Были и косвенные доказательства того, что началась эвакуация. Усилился огонь противника, но теперь гангутские батареи не помалкивали, не одним выстрелом на сотню отвечали, а — полновесно. Перестали, значит, экономить боезапас. А вот еще факт: норму питания опять повысили до довоенного уровня, даже масло снова появилось в рационе, —
Комиссар отряда сказал у нас в роте на комсомольском собрании: «Да, принято решение эвакуировать Ханко. Мы скоро уйдем. Обращаю ваше внимание на две вещи. Первое: мы уходим с Гангута непобежденные, не под нажимом противника, а но приказу командования. И второе: уходим туда, где сейчас больше нужны наша сила и боевой опыт, — на Ленфронт. Уходим бить немецких фашистов. Вот так надо понимать эвакуацию Ханко, товарищи».
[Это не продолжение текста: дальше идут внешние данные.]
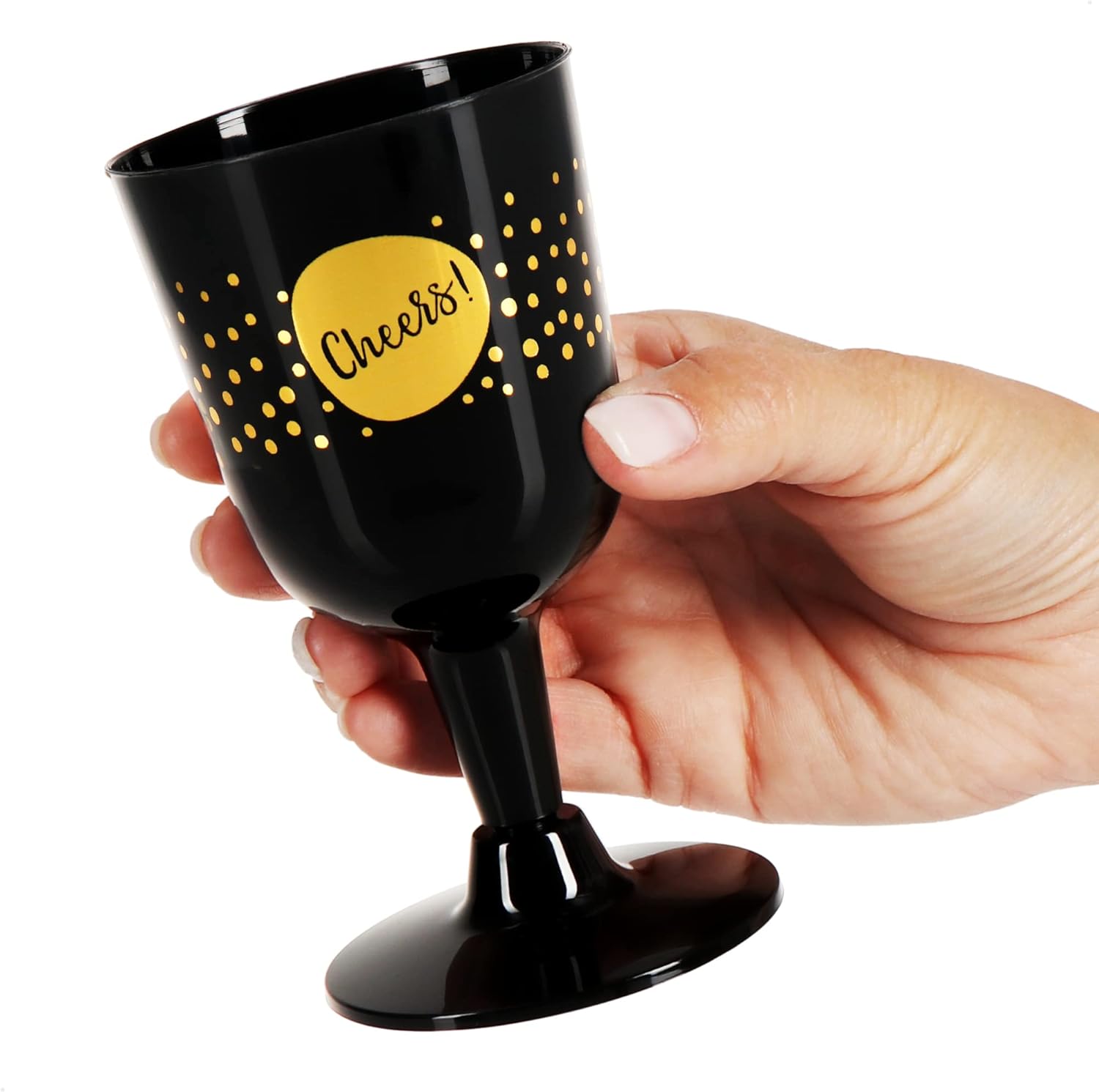 Kieliszki plastikowe do wina czarne złote wielorazowe 4szt. 170ml kieliszek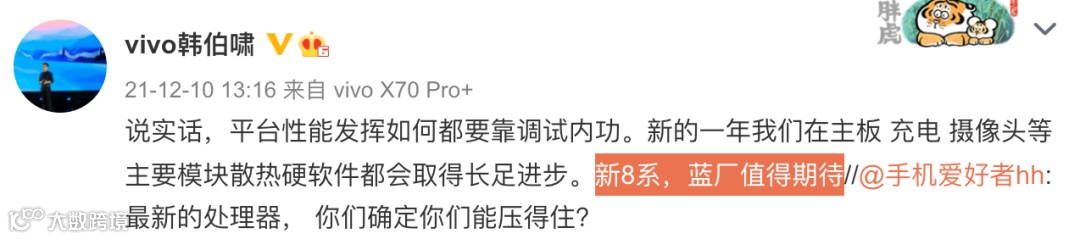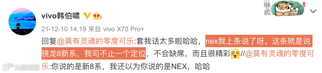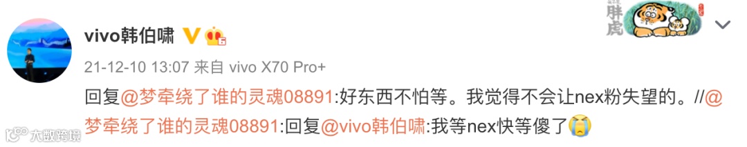 具体vivo X系列和NEX系列新机的配置,早前vivo通信科技有限公司产品经理在微博和网友互动时暗示来看,感觉vivo X80系列或许会有搭载联发科天玑9000的版本?🤔而NEX 5系列新旗舰则应该是搭载新骁龙8。其还表示vivo不止一个定位,还会有搭载新骁龙8的系列(这里说的是折叠屏?🤔),同时NEX系列不会让大家失望。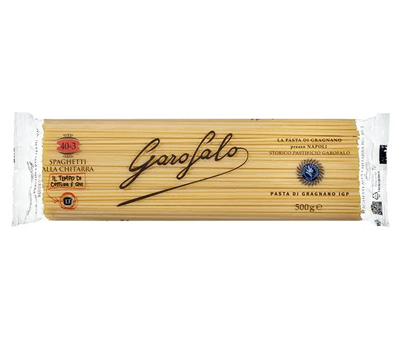 Provengono dalla tradizione abruzzese e sono simili a spaghetti ma con una sezione quadrata, gli Spaghetti alla chitarra Garofalo sprigionano in bocca il sapore genuino della Pasta di Gragnano IGP, trafilata al bronzo e lavorata con passione.

А Хорсен заносило снегом. Еще не пуржило, не мело, снег падал словно для того только, чтобы забить воронки от снарядов, прикрыть белым одеялом выжженные пожарами черные плеши. Но понемногу скалы на Хорсене и окрестных островах обзавелись сахарными головками. Менялся на глазах шхерный пейзаж. Зима белой кистью клала мазки на местные граниты, а вода сделалась темно-серой, почти черной; она дымилась, отдавая захолодавшему небу последнее тепло.
Меня в те дни опять донимали чирьи, я еле ворочал шеей. Побаливало в груди. Но настроение было радостное: скоро домой, на Большую землю, в Питер! Наши доморощенные стратеги — Безверхов, Т. Т. да и мы с Сашкой — сходились на том, что всех гангутцев непременно сведут в одно соединение и сразу после формирования двинут на самый ответственный участок Ленфронта. Прорывать эту… как ее… блокаду!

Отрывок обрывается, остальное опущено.